— EXERCISE —
Nothing but the lines below from the one holding "Atelier gratuit, avec" up to and including the one holding "Hannah, Joline, and" should be copied, exactly and without pictures.

— DATASET CONTENT —

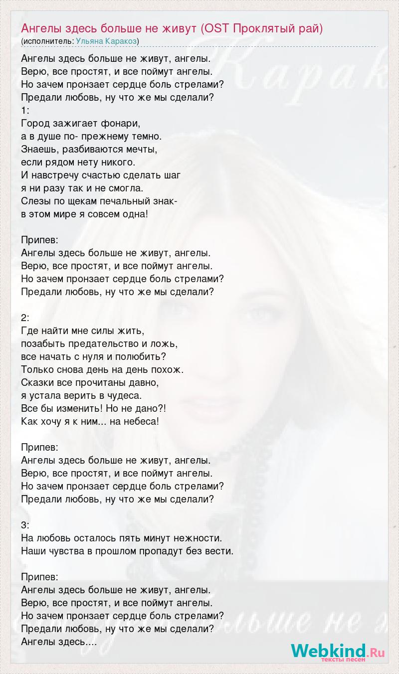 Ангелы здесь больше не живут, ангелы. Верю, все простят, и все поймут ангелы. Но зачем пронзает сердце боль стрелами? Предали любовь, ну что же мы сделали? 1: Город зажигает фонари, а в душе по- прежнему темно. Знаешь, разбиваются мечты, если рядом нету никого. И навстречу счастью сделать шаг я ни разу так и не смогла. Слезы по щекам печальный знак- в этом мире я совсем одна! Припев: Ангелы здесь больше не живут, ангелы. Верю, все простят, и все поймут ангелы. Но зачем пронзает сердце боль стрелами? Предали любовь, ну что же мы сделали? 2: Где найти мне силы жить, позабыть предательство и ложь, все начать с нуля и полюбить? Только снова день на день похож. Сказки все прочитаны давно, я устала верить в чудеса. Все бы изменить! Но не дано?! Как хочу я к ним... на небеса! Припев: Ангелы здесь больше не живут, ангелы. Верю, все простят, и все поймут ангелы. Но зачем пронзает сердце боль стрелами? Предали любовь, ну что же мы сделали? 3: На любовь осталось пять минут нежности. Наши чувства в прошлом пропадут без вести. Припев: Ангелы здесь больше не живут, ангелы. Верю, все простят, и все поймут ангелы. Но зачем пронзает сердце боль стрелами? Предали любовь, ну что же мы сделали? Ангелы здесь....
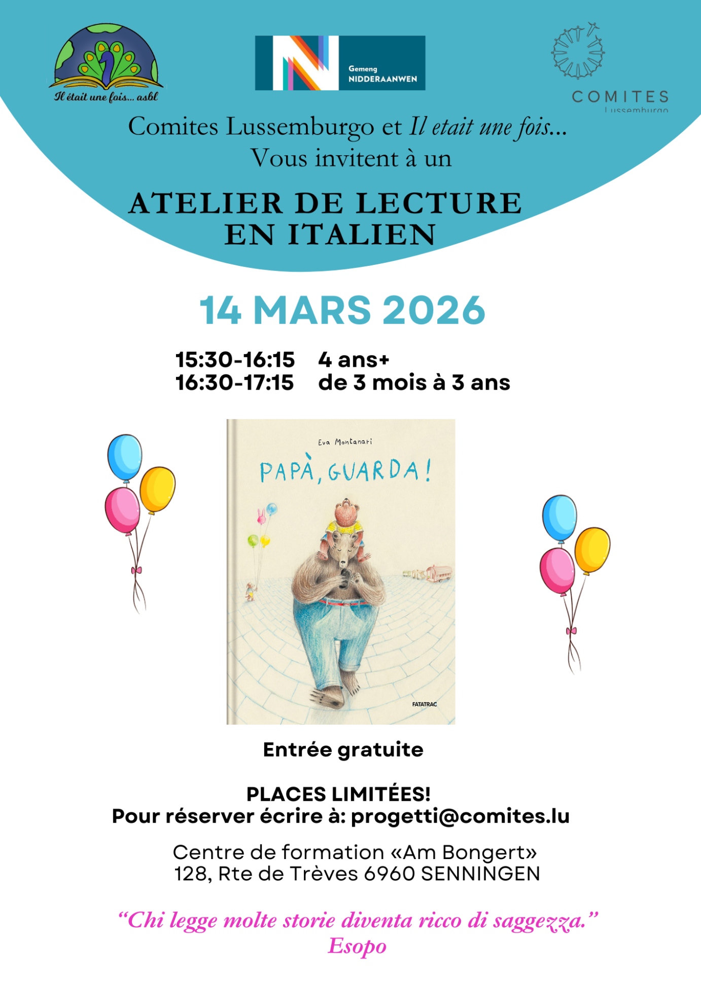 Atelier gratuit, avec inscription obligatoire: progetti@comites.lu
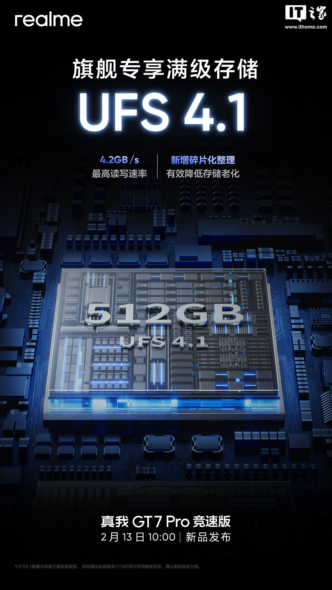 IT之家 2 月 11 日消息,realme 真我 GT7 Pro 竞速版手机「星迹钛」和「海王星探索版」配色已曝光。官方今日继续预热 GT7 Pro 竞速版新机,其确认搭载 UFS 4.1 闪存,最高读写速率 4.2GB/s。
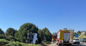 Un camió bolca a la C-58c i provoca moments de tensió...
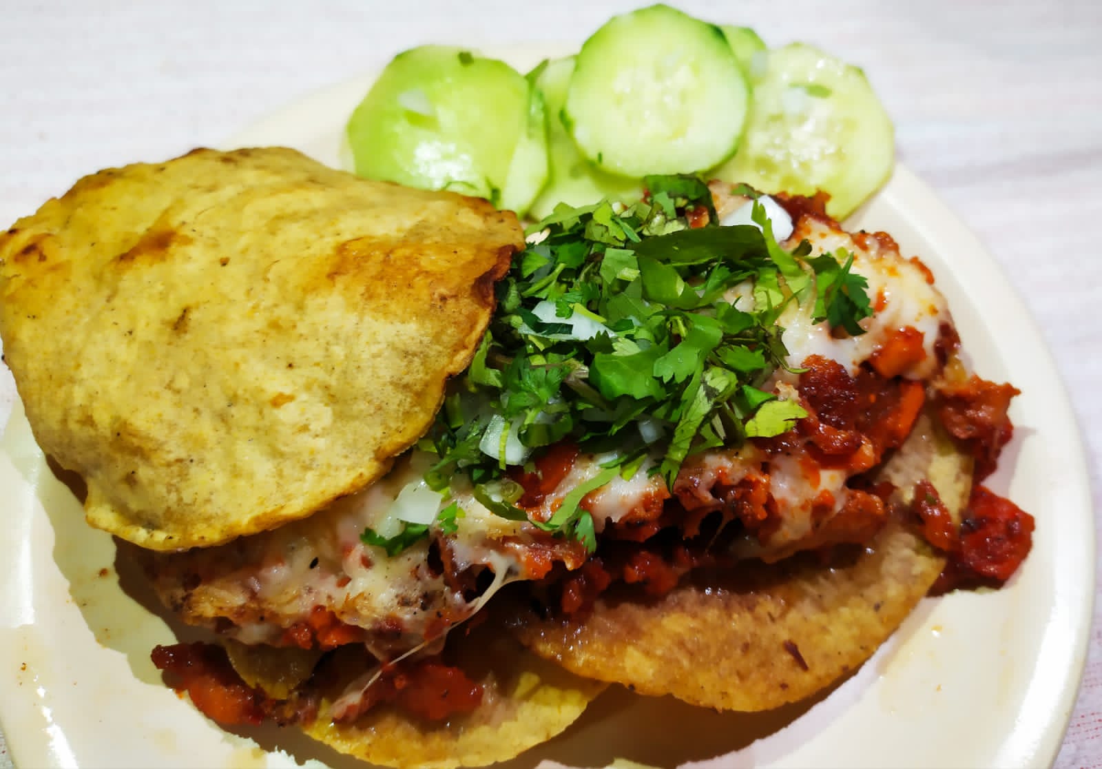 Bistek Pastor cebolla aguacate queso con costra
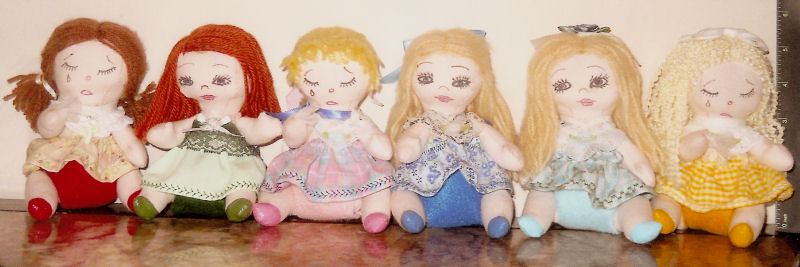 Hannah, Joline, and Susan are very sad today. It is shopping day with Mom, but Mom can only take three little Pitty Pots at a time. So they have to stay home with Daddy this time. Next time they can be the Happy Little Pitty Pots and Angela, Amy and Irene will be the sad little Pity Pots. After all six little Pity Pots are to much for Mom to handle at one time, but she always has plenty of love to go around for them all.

---

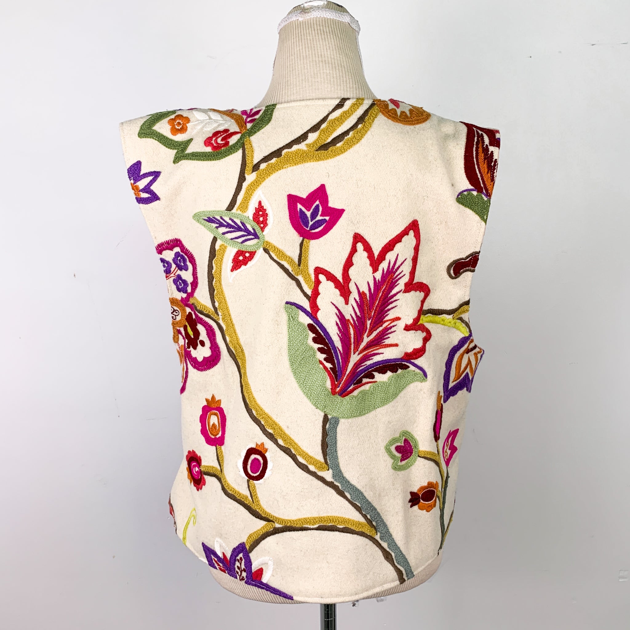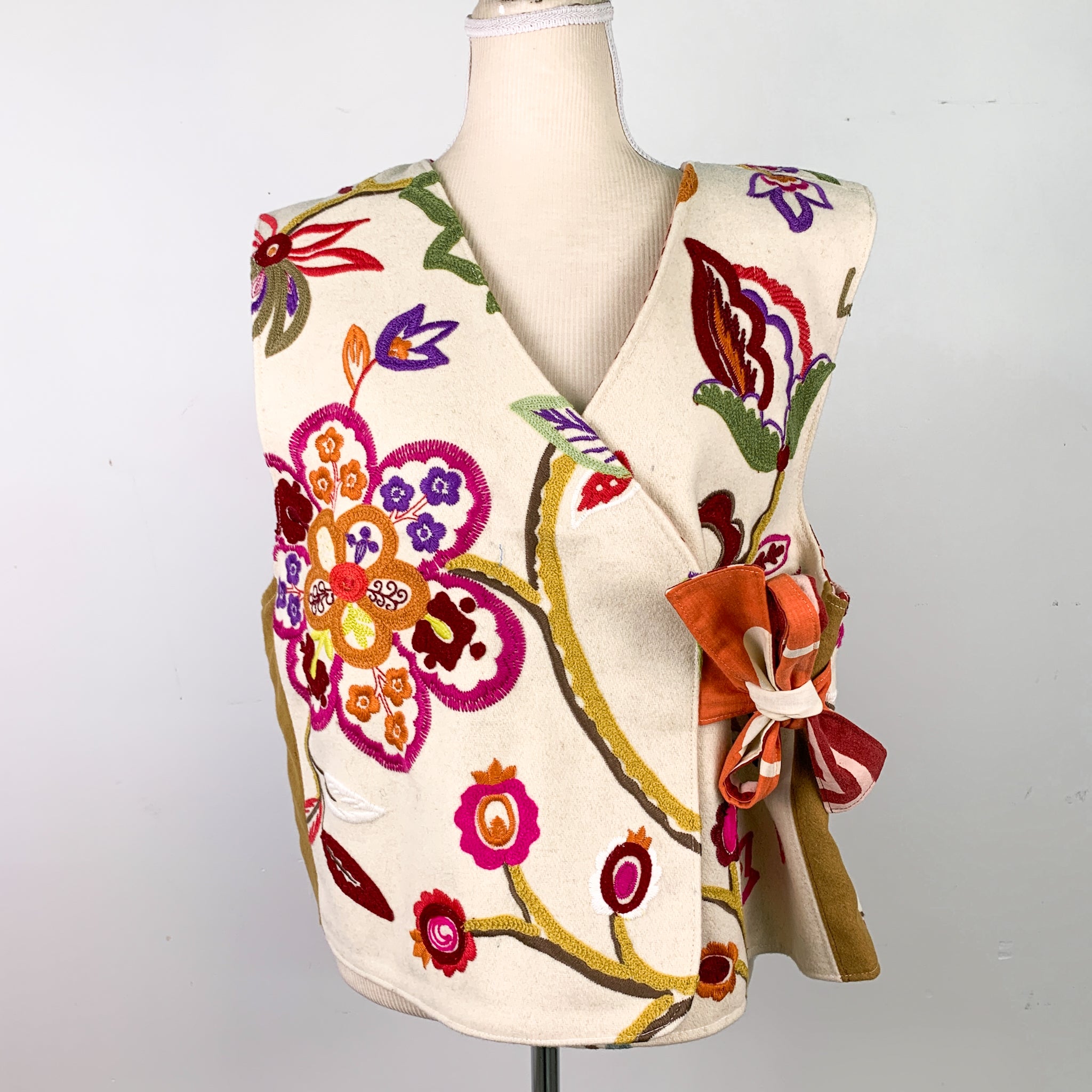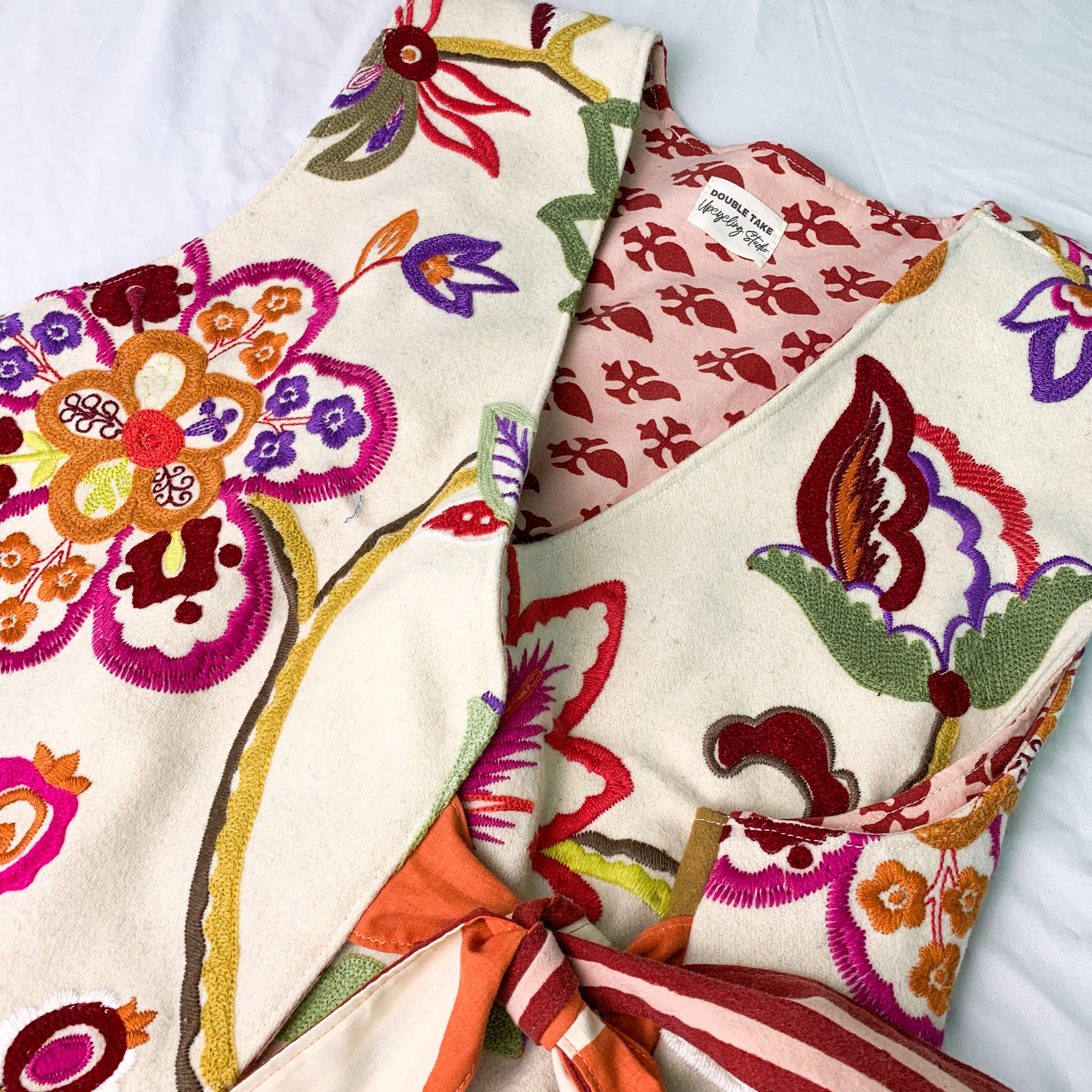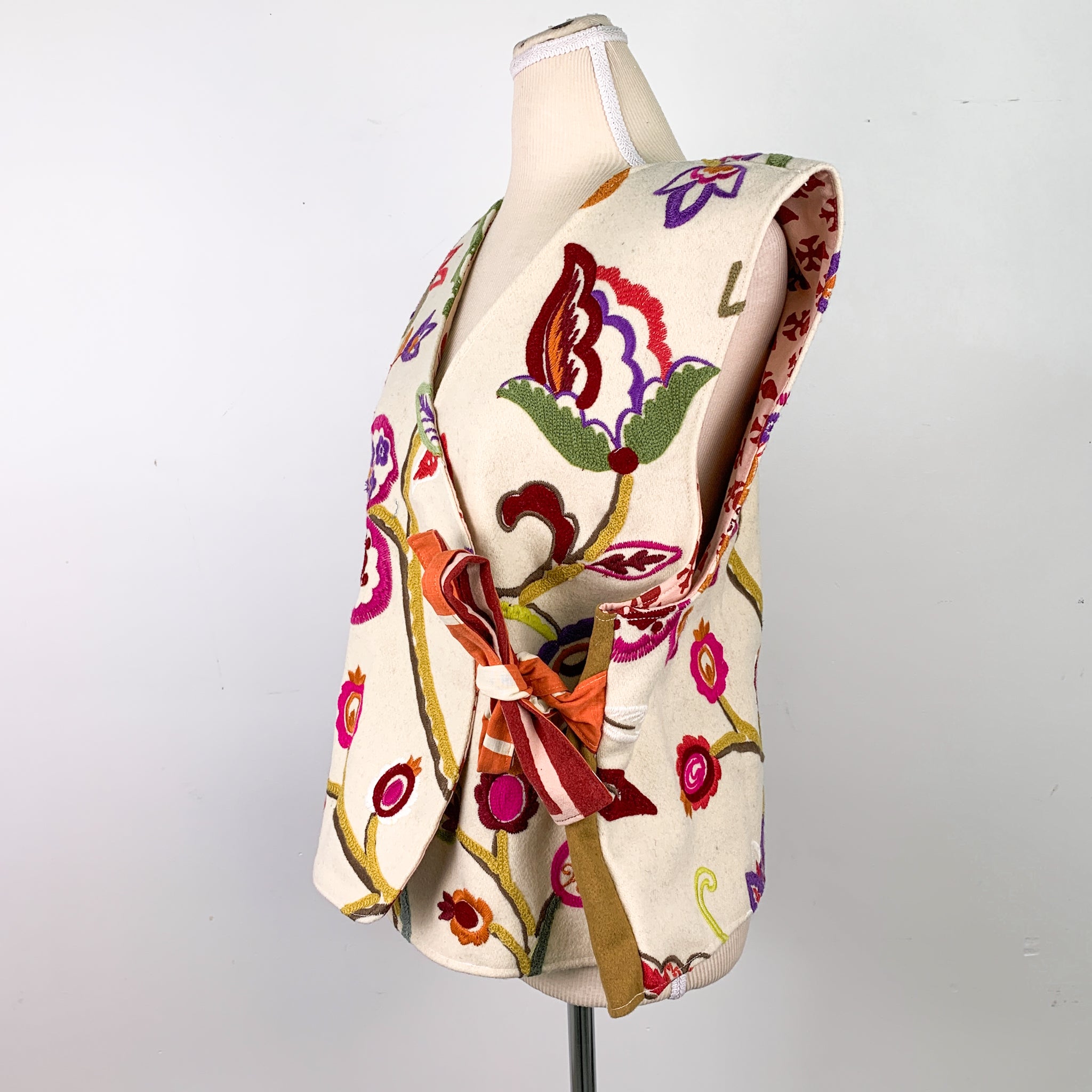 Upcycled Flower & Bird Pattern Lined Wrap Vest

---

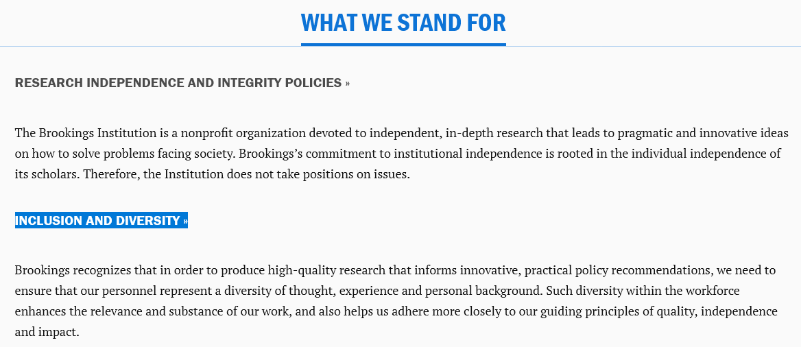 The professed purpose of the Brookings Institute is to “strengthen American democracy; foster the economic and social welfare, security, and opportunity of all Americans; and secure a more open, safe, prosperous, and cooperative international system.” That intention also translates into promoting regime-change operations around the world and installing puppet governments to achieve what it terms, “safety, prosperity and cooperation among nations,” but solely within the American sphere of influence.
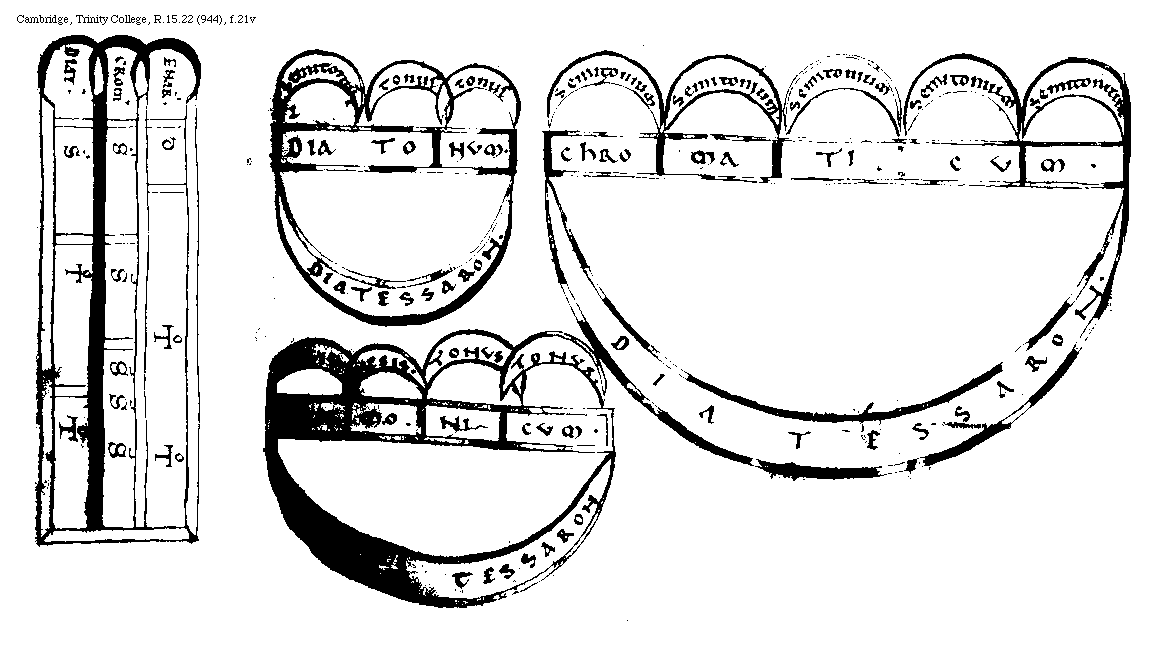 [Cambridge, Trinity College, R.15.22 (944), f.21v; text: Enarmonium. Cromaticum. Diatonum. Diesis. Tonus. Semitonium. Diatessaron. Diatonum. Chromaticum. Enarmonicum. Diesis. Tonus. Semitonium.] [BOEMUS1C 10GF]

— ANSWER BOX —
 Atelier gratuit, avec inscription obligatoire: progetti@comites.lu
 IT之家 2 月 11 日消息,realme 真我 GT7 Pro 竞速版手机「星迹钛」和「海王星探索版」配色已曝光。官方今日继续预热 GT7 Pro 竞速版新机,其确认搭载 UFS 4.1 闪存,最高读写速率 4.2GB/s。
 Un camió bolca a la C-58c i provoca moments de tensió...
 Bistek Pastor cebolla aguacate queso con costra
 Hannah, Joline, and Susan are very sad today. It is shopping day with Mom, but Mom can only take three little Pitty Pots at a time. So they have to stay home with Daddy this time. Next time they can be the Happy Little Pitty Pots and Angela, Amy and Irene will be the sad little Pity Pots. After all six little Pity Pots are to much for Mom to handle at one time, but she always has plenty of love to go around for them all.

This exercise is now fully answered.